* Exercise description *
Since only part of the records is wanted, repeat exactly the lines from the one containing "ÊTRE Μπλούζα πλεκτή" through the last line, both included.

* Records for this task *
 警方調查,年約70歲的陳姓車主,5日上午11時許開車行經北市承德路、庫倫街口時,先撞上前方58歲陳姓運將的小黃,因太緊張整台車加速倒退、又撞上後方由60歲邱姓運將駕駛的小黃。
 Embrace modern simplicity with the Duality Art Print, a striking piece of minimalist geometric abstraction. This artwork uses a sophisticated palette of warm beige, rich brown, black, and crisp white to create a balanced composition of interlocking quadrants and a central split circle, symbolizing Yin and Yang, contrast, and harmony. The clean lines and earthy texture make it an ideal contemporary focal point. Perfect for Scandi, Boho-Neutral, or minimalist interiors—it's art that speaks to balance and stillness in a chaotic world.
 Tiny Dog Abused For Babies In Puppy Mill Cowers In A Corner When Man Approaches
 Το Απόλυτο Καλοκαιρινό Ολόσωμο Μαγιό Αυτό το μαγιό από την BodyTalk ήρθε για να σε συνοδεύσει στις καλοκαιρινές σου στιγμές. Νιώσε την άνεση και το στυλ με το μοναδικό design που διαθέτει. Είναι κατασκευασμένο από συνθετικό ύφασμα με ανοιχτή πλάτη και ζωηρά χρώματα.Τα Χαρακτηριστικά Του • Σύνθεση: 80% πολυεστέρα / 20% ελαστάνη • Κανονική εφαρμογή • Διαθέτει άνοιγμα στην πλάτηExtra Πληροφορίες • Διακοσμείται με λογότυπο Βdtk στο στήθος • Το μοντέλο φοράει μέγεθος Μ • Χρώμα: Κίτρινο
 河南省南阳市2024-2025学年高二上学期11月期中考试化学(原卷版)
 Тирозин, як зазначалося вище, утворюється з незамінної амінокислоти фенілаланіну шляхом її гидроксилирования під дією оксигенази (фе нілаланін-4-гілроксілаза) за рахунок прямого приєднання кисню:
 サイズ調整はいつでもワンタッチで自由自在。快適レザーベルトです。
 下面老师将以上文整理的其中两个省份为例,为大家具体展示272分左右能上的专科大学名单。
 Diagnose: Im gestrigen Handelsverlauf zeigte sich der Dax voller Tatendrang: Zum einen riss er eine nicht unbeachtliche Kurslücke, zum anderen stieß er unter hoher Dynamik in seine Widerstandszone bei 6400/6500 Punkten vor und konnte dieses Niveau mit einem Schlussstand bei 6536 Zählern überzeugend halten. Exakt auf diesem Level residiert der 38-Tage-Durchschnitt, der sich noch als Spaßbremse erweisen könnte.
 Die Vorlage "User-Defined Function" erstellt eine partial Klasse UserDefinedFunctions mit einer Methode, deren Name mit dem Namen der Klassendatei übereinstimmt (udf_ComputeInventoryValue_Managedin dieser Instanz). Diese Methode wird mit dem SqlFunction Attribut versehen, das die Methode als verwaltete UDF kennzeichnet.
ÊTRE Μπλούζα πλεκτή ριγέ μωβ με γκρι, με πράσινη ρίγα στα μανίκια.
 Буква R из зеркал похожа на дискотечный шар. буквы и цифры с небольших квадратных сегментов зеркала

* Reply *
ÊTRE Μπλούζα πλεκτή ριγέ μωβ με γκρι, με πράσινη ρίγα στα μανίκια.
 Буква R из зеркал похожа на дискотечный шар. буквы и цифры с небольших квадратных сегментов зеркала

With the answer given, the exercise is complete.